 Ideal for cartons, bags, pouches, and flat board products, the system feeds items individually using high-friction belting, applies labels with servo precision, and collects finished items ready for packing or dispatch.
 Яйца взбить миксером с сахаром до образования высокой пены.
...
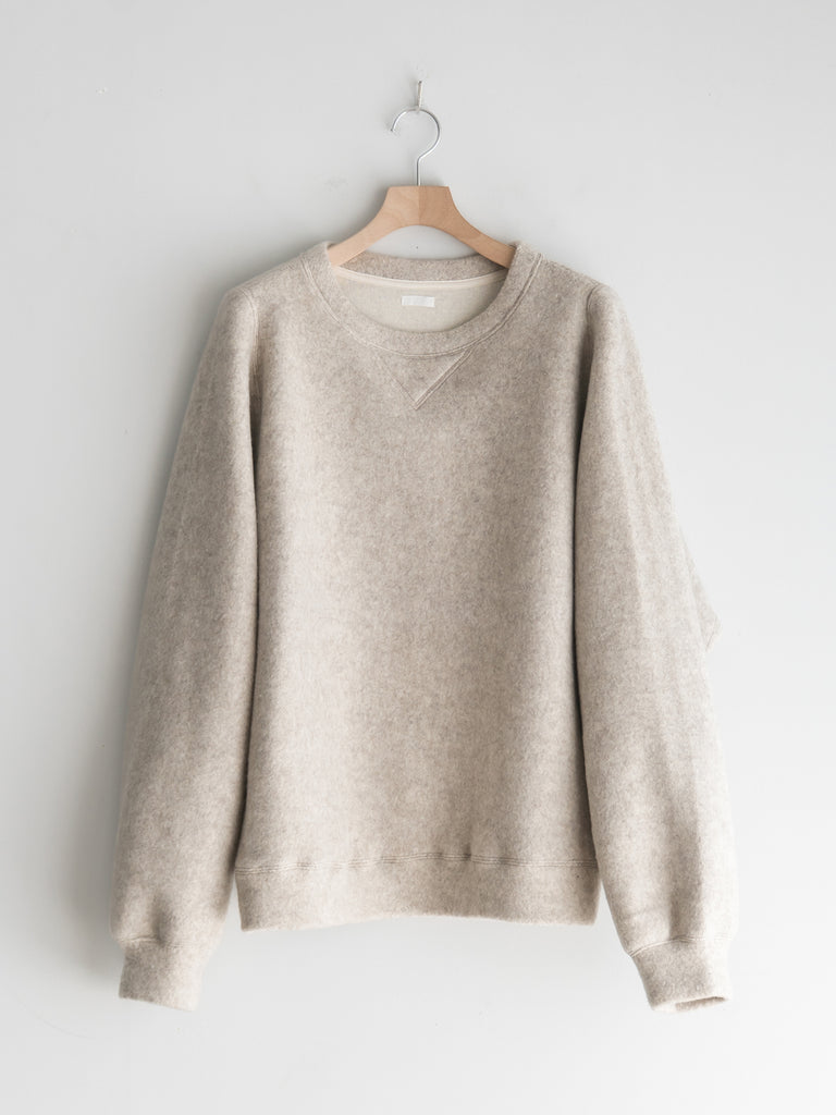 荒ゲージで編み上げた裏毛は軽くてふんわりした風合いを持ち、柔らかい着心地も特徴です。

» WHAT THE EXERCISE ASKS: For the listing above, print only the lines starting at the line containing "Ideal for cartons, bags, pouches, and" and ending at the line containing "Яйца взбить миксером", exactly, both included.

» SOLUTION TO THE EXERCISE:
 Ideal for cartons, bags, pouches, and flat board products, the system feeds items individually using high-friction belting, applies labels with servo precision, and collects finished items ready for packing or dispatch.
 Яйца взбить миксером с сахаром до образования высокой пены.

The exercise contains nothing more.